Intel and Microsoft will hold an event next week to discuss collaboration on improvements to Windows 7.
The event, on September 1 in San Francisco, will "share how the two companies collaborated on key enhancements during the development of Windows 7," according to Intel. Steve Smith, vice president and director, Intel's Digital Enterprise Group Operations, and Michael Angiulo, general manager of Windows Planning and PC Ecosystem at Microsoft, will talk at the event. Microsoft.
Windows 7 collaboration will be demonstrated by engineers from both companies, according to Intel. Not surprisingly, Microsoft is working closely with Intel, whose chips will power the vast majority of PCs running Windows 7.
In a blog posted in July, Intel described how Microsoft and Intel "saw unique opportunities to optimize Windows 7 for Intel processor technology" in the areas of performance, power management, and graphics.
The blog discusses improvements to multitasking based on "SMT Parking," which provides additional support to the Windows 7 scheduler for Intel Hyper-threading Technology. With Hyper-threading, the operating system sees a single processor core as two cores (i.e., a dual-core chip becomes a virtual quad-core processor), thus potentially improving multitasking--or doing tasks (threads) simultaneously.
In addition, improvements over Vista for boot and shutdown times have been implemented during the Windows 7 development cycle, according to the blog.
And on Intel's Web site, the chipmaker lists desktop motherboards and associated drivers that have passed logo certification for Windows 7.
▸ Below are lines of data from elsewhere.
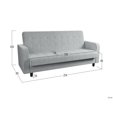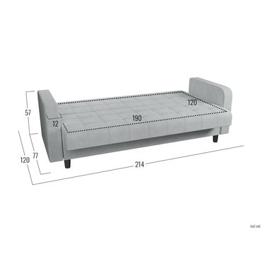 - Прямой диван Грант подходит для любого интерьера. Декоративная строчка подчеркивает простой силуэт модели, а удобные подлокотники создают дополнительный комфорт. Диван легко раскладывается, образуя полноценное место для сна. В процессе трансформации не портится напольное покрытие, что важно для повседневного использования. Бельевой ящик с двумя секциями — практичное дополнение модели. Характеристики: Размер спального места: 120 х 190 см. Размер спального места в сложенном виде: 60 х 190 см. Механизм трансформации: книжка. Нагрузка на одно спальное место: 90 кг. Нагрузка на одно посадочное место: 70 кг. Посадочное место (ВхГ): 46 х 58 см. Высота спинки от посадочного места: 60 см. Размер подлокотников (ВхШхГ): 57 х 12 х 77 см. Размер ящика для белья (ВхШ): 75 х 186 х 163,2 см. Общие габариты дивана в разложенном виде (ВхШхГ): 57 х 214 х 120 см. Материал основания: массив, фанера, ДСП, ХДФ. Наполнитель: независимый пружинный блок 8 см, войлок, ортопена 2 см. Приспинные подушек: ортопена. Тип каркаса: деревянный. Материал ножек: пластик. Высота ножек: 10 см. Преимущества: механизм трансформации «Книжка» — чтобы разложить диван, нужно приподнять сиденье до характерного щелчка (при этом спинка принимает горизонтальное положение) и опустить обратно. Для трансформации необходимо небольшое пространство между спинкой и стеной. Подходит для ежедневной эксплуатации; независимый пружинный блок — каждая пружина находится в отдельном тканевом чехле и не связана с другими. Это обеспечивает точечное распределение нагрузки и оптимальную поддержку каждой части тела. Подходит для ежедневного сна; антикоготь — гладкая текстура ткани более устойчива к появлению зацепок, в отличие от материалов с выраженным плетением. Кроме того, она легко чистится от шерсти; двойной ящик для хранения — в коробе с перегородкой удобно хранить постельные принадлежности, сезонные вещи и другие предметы отдельно друг от друга.
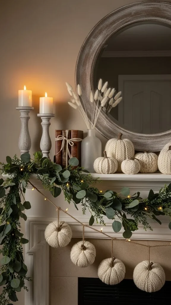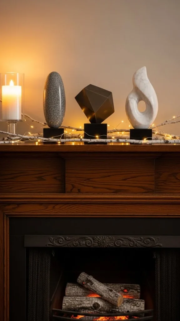 These objects add quiet seasonal cues without overwhelming the mantel.
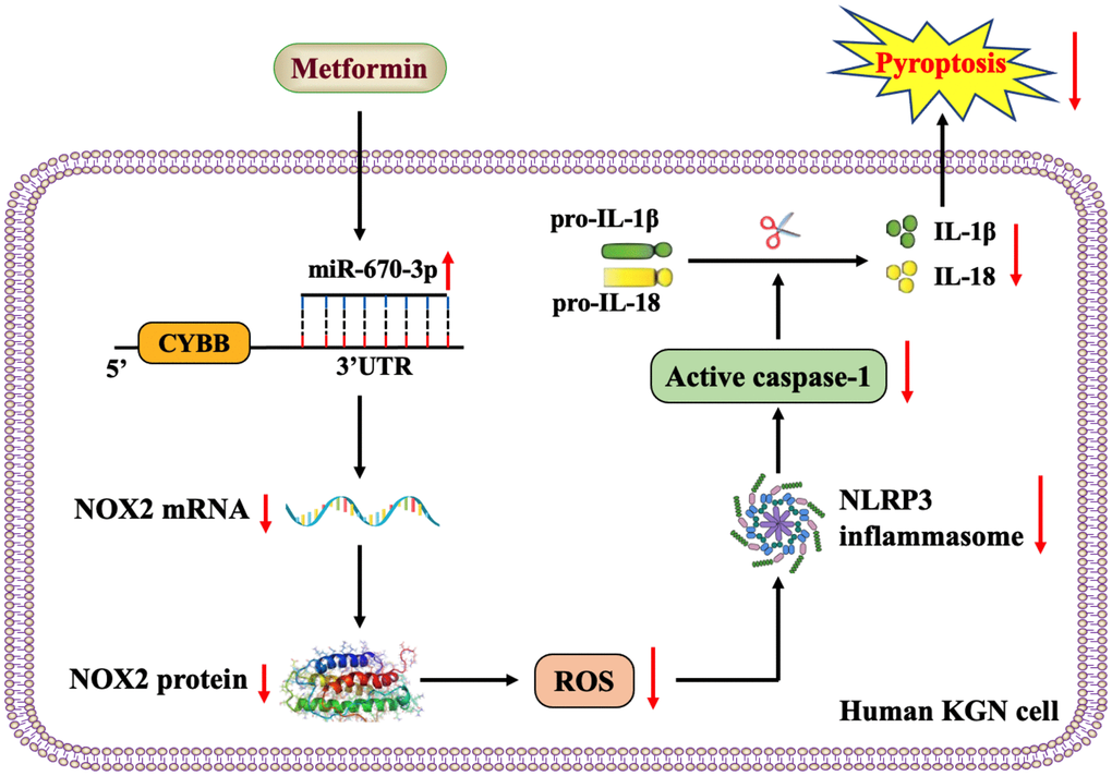 Taken together, the results of our study revealed that metformin elevates miR-670-3p levels and then decreases the transcription of the NOX2 gene, thereby reducing ROS production and activation of the NLRP3 inflammasome and ultimately ameliorating pyroptosis and inflammation in human KGN cells (Figure 7). miR-670-3p and NOX2 may be novel potential therapeutic targets for developing PCOS, which extend the understanding of metformin’s biological functions in gynecological diseases.
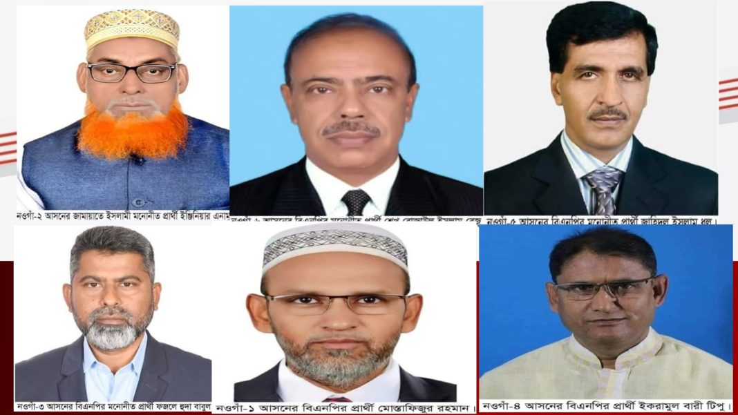 ত্রয়োদশ জাতীয় সংসদ নির্বাচন গত ১২ ০২ -২০২৬- ইং তারিখের বাংলাদেশ জাতীয় সংসদ নির্বাচনে বেসরকারি ভাবে নওগাঁ জেলার ৬টি সংসদীয় আসনের মধ্যে ৫টি আসনে বিএনপি মনোনীত প্রার্থীরা বিজয়ী লাভ করেছেন। মাএ ১টি আসনে বিজয়ী লাভ করেছেন জামায়াতে ইসলামীর মনোনীত প্রার্থী। হত রাতে জেলা প্রশাসক মোহাম্মদ সাইফুল ইসলাম বিজয়ী প্রার্থীদের নাম বেসরকারি ভাবে ঘোষণা করেন।

Another beneficiary of improved Windows 7 technology: Intel solid-state drives, which are typically faster than hard-disk drives and gaining ground in niche markets such as high-end laptops, gaming PCs, and servers. SSDs will be able to take advantage of Windows 7 technology called the Trim Command. Trim will allow blocks of data to be freed up for reuse to better maintain the performance of the SSD.
Windows 7 will also do more than previous operating systems with graphics via DirectX 11. Advanced Micro Devices has described DirectX 11-related technology that enables games developers to create smoother, less blocky and more organic looking objects in games. And, beyond games, Windows 7 has the potential to turn a graphics processing unit (GPU) from AMD or Nvidia into a general-purpose compute engine, used to accelerate everyday computing tasks like a central processing unit, or CPU. Specifically, "the compute shader" can be used to speed up more common computing tasks. The buzz word used to describe this technology is a mouthful: GPGPU or general-purpose graphics processing unit.